» DIRECTIONS:
With the pictures left aside, write out exactly the lines of the listing below from the line with "在众多影响分子筛工作效率的变" to the line with "Ancient Egypt Jewelry", both included, and only those.

» SUPPLIED MATERIAL:
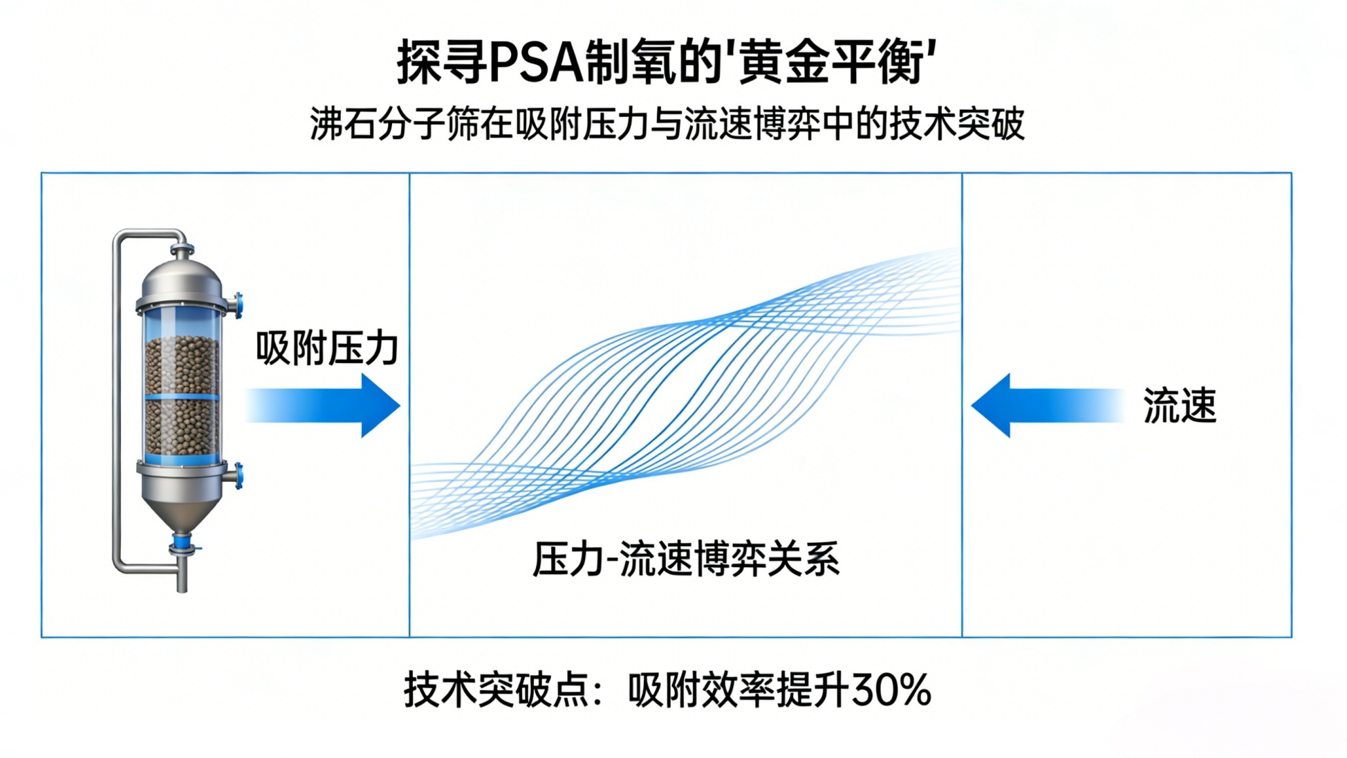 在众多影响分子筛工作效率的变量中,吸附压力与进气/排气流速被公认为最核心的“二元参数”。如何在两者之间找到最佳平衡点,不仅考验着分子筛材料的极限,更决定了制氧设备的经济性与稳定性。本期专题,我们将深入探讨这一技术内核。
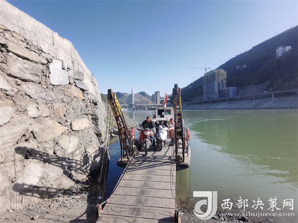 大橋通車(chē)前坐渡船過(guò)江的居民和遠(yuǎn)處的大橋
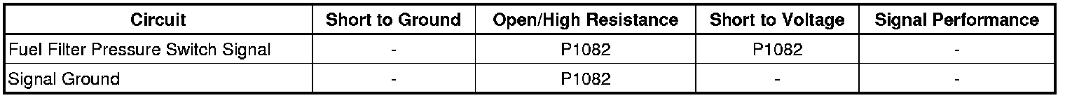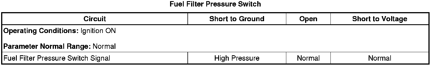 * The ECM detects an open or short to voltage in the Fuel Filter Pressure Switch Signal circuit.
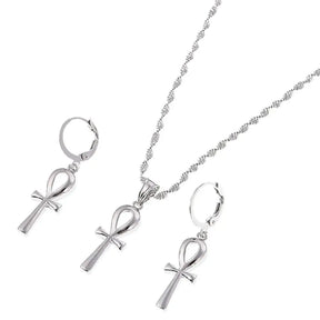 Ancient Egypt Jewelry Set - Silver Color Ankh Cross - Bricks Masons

---

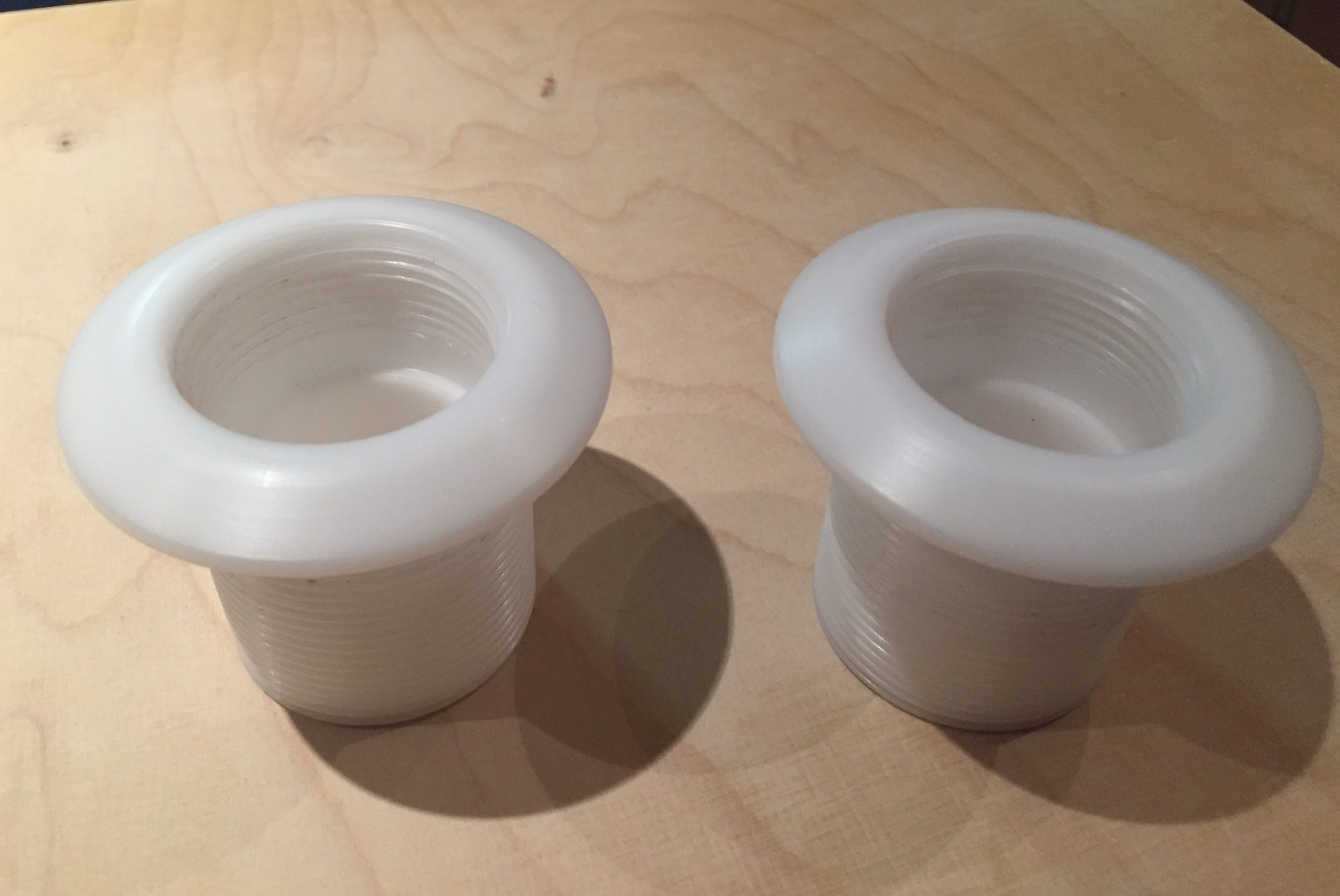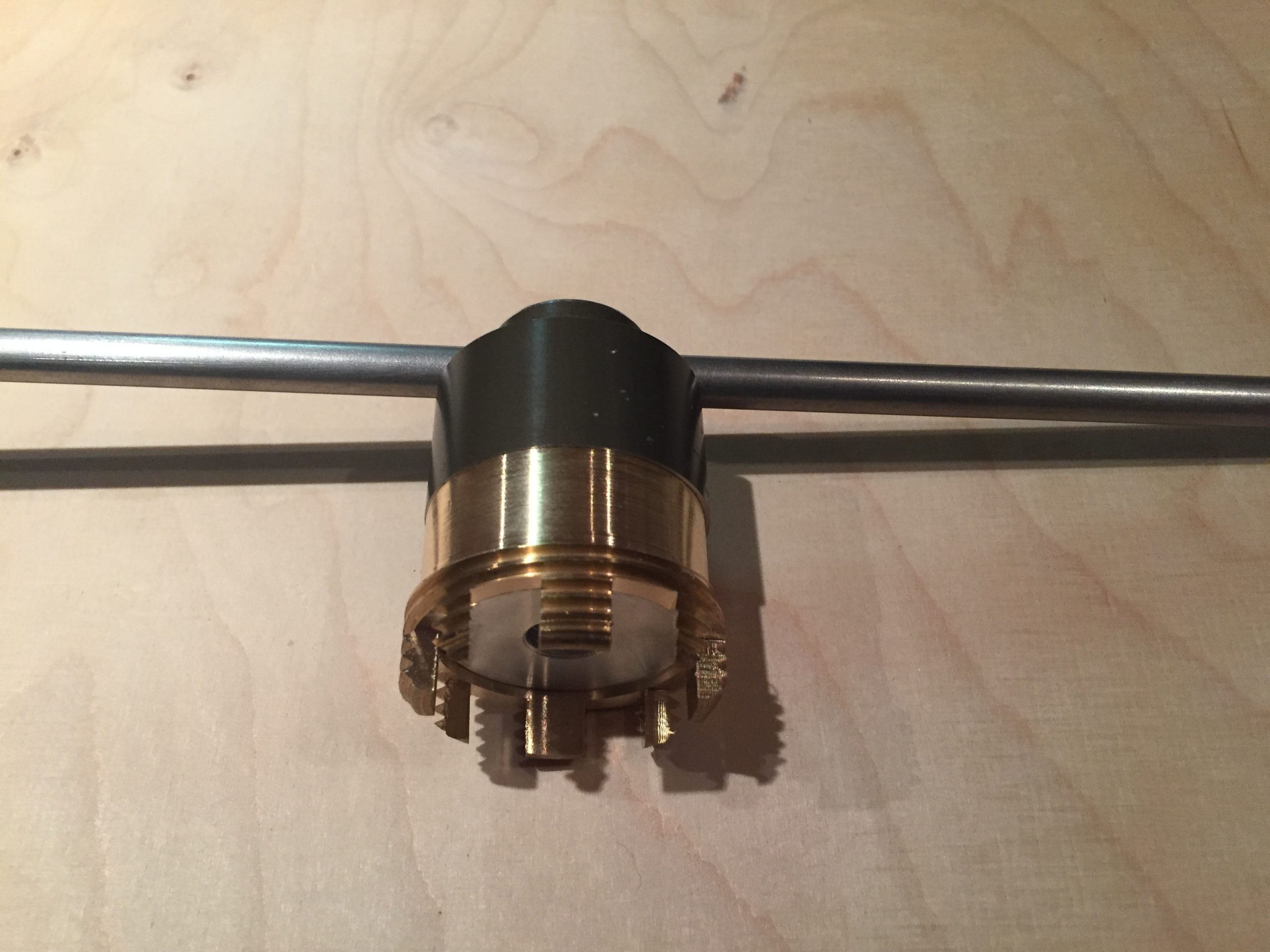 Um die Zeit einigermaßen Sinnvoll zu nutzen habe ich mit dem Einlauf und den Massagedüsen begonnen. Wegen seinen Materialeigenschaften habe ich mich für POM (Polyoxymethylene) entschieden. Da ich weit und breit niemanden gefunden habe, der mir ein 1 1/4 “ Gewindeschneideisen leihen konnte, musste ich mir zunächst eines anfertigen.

» SOLUTION FOR THIS EXERCISE:
 在众多影响分子筛工作效率的变量中,吸附压力与进气/排气流速被公认为最核心的“二元参数”。如何在两者之间找到最佳平衡点,不仅考验着分子筛材料的极限,更决定了制氧设备的经济性与稳定性。本期专题,我们将深入探讨这一技术内核。
 大橋通車(chē)前坐渡船過(guò)江的居民和遠(yuǎn)處的大橋
 * The ECM detects an open or short to voltage in the Fuel Filter Pressure Switch Signal circuit.
 Ancient Egypt Jewelry Set - Silver Color Ankh Cross - Bricks Masons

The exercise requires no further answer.